----- Listed entries -----

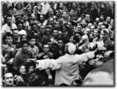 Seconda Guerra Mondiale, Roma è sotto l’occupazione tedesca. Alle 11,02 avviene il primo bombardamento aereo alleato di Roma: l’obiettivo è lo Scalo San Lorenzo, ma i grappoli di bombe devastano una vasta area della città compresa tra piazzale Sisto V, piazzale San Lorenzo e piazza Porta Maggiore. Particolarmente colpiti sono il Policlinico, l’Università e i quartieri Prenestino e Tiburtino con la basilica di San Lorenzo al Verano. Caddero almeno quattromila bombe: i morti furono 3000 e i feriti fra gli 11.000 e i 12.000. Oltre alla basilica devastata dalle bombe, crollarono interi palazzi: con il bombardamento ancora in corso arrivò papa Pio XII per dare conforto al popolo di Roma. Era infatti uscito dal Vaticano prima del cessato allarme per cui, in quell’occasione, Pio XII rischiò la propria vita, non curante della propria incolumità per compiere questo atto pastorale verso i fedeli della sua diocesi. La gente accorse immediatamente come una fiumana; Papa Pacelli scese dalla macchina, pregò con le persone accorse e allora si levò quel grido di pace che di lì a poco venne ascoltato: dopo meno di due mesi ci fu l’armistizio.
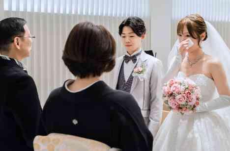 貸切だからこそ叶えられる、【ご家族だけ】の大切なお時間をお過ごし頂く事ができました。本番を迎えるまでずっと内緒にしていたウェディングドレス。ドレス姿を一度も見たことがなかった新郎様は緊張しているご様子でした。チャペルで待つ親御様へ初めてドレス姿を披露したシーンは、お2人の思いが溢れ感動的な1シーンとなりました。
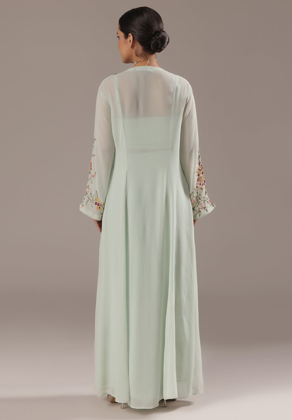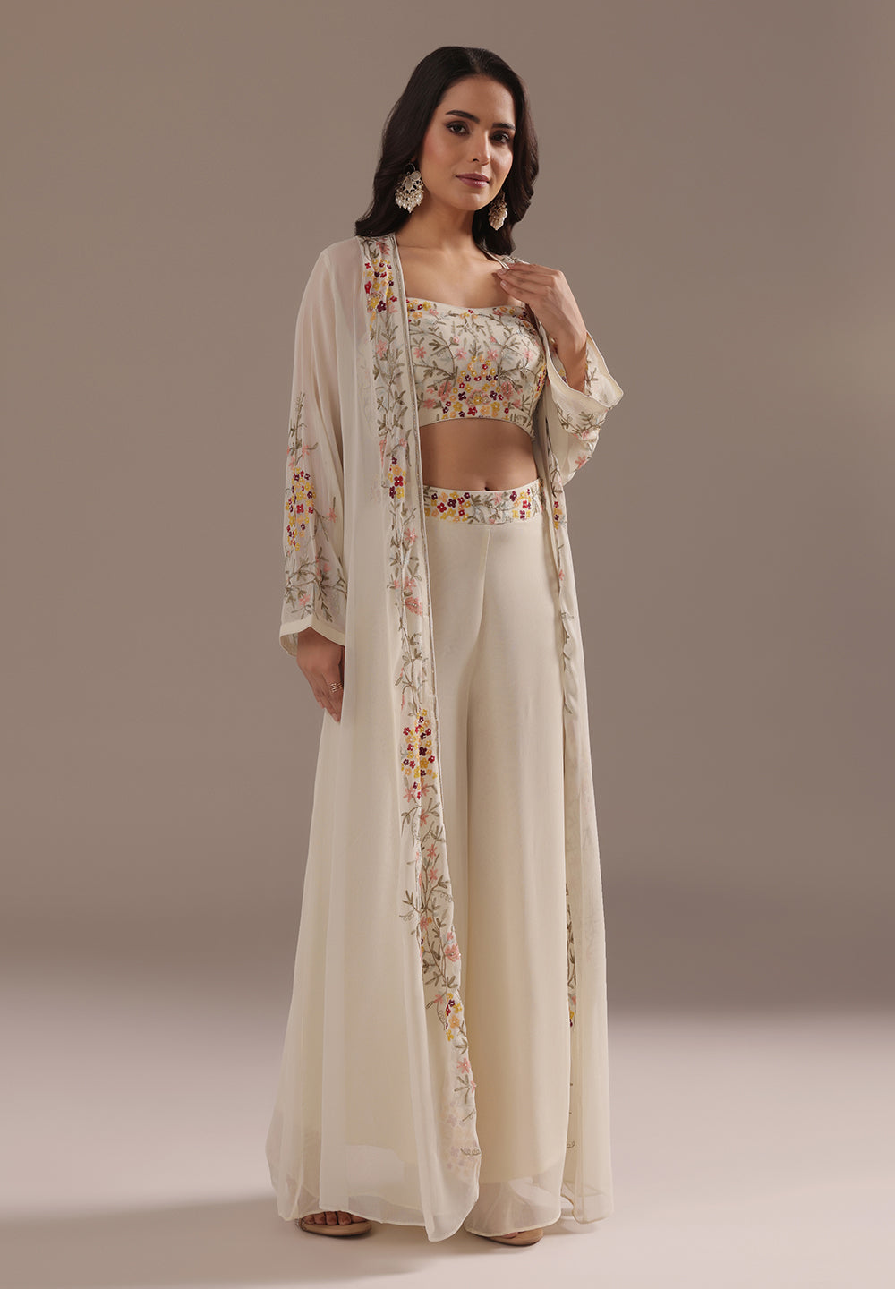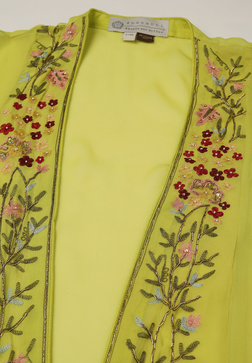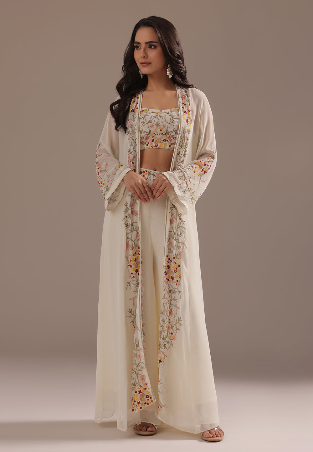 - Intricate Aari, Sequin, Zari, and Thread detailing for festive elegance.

-----
----- Listed entries -----

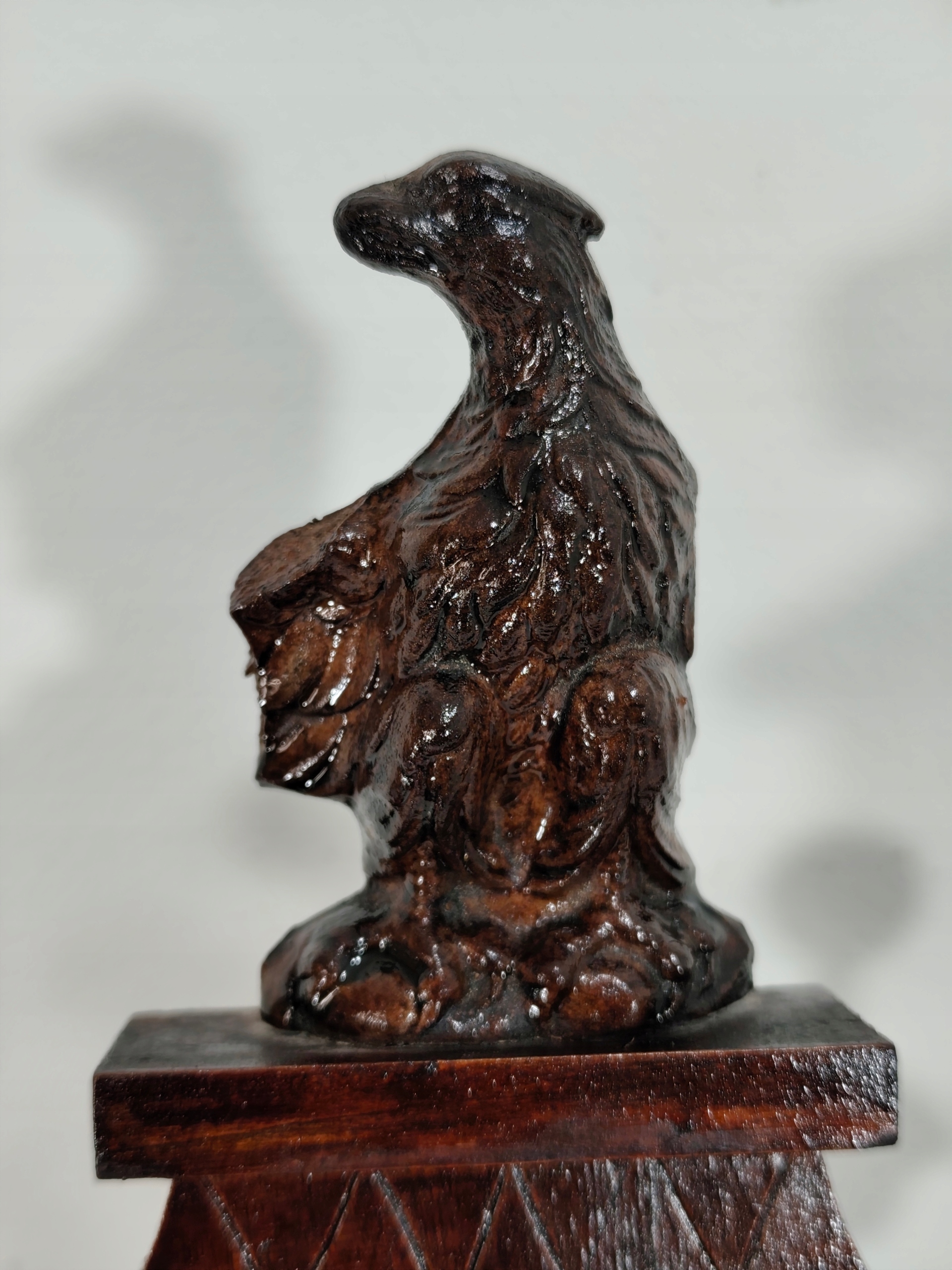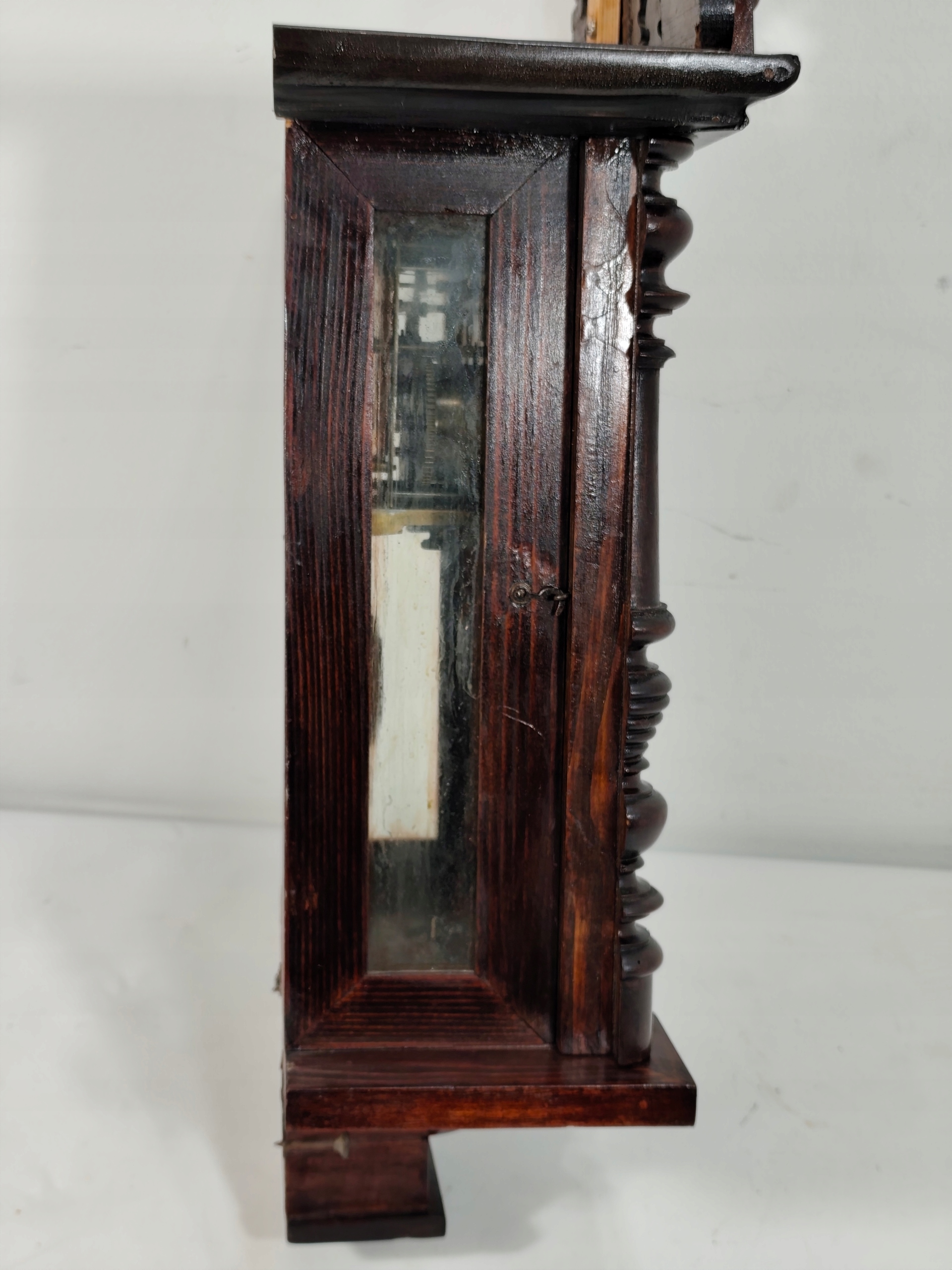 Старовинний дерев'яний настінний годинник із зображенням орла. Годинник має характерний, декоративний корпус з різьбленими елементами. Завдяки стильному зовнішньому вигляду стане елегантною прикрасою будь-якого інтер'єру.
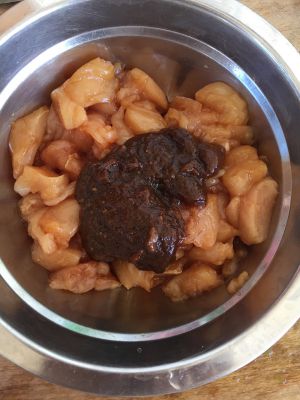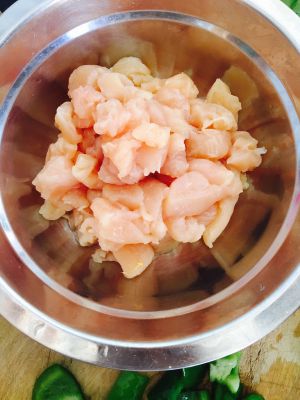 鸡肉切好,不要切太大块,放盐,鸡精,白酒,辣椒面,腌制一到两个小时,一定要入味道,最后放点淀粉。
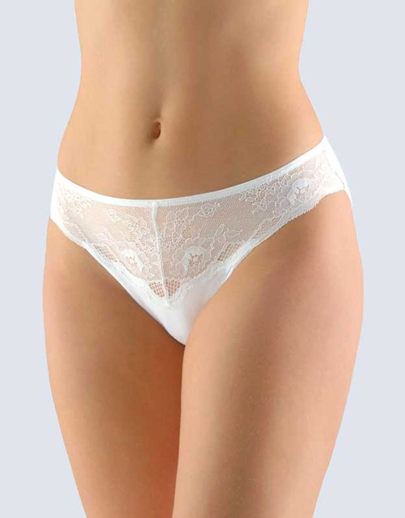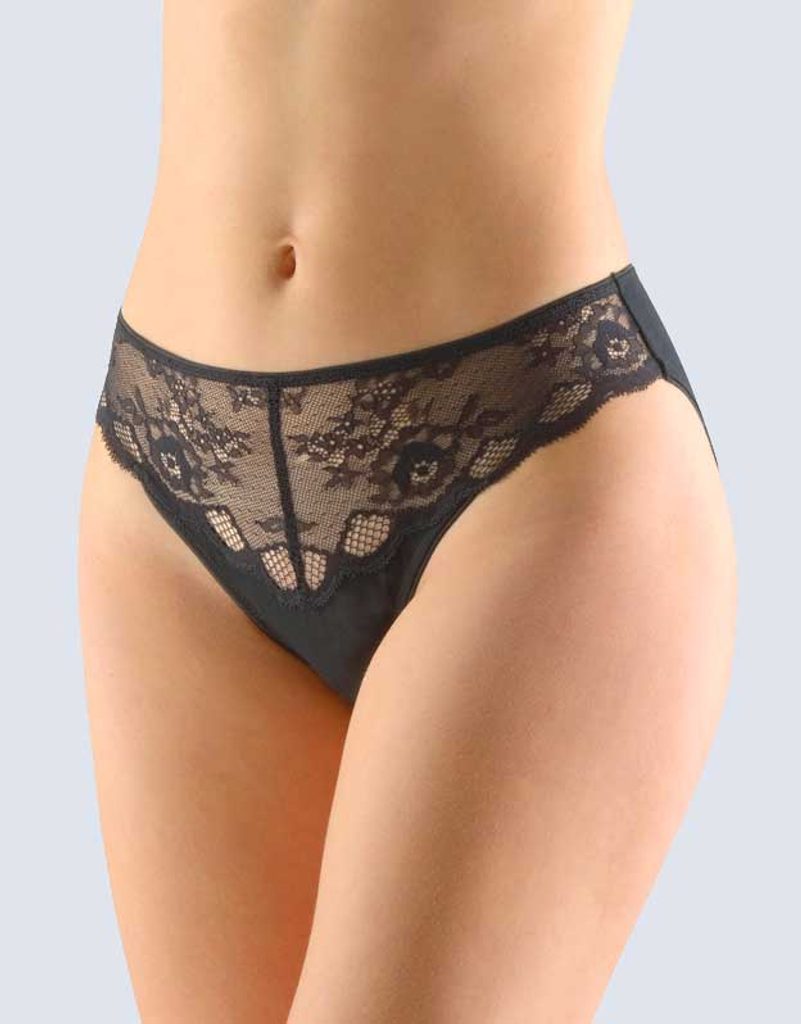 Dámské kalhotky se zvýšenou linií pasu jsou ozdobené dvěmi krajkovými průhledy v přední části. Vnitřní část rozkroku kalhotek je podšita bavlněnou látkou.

-----

Your output should be the lines above from the one that contains "Seconda Guerra Mondiale, Roma" through the one that contains "貸切だからこそ叶えられる、【", word for word, with pictures left out.

 Seconda Guerra Mondiale, Roma è sotto l’occupazione tedesca. Alle 11,02 avviene il primo bombardamento aereo alleato di Roma: l’obiettivo è lo Scalo San Lorenzo, ma i grappoli di bombe devastano una vasta area della città compresa tra piazzale Sisto V, piazzale San Lorenzo e piazza Porta Maggiore. Particolarmente colpiti sono il Policlinico, l’Università e i quartieri Prenestino e Tiburtino con la basilica di San Lorenzo al Verano. Caddero almeno quattromila bombe: i morti furono 3000 e i feriti fra gli 11.000 e i 12.000. Oltre alla basilica devastata dalle bombe, crollarono interi palazzi: con il bombardamento ancora in corso arrivò papa Pio XII per dare conforto al popolo di Roma. Era infatti uscito dal Vaticano prima del cessato allarme per cui, in quell’occasione, Pio XII rischiò la propria vita, non curante della propria incolumità per compiere questo atto pastorale verso i fedeli della sua diocesi. La gente accorse immediatamente come una fiumana; Papa Pacelli scese dalla macchina, pregò con le persone accorse e allora si levò quel grido di pace che di lì a poco venne ascoltato: dopo meno di due mesi ci fu l’armistizio.
 貸切だからこそ叶えられる、【ご家族だけ】の大切なお時間をお過ごし頂く事ができました。本番を迎えるまでずっと内緒にしていたウェディングドレス。ドレス姿を一度も見たことがなかった新郎様は緊張しているご様子でした。チャペルで待つ親御様へ初めてドレス姿を披露したシーンは、お2人の思いが溢れ感動的な1シーンとなりました。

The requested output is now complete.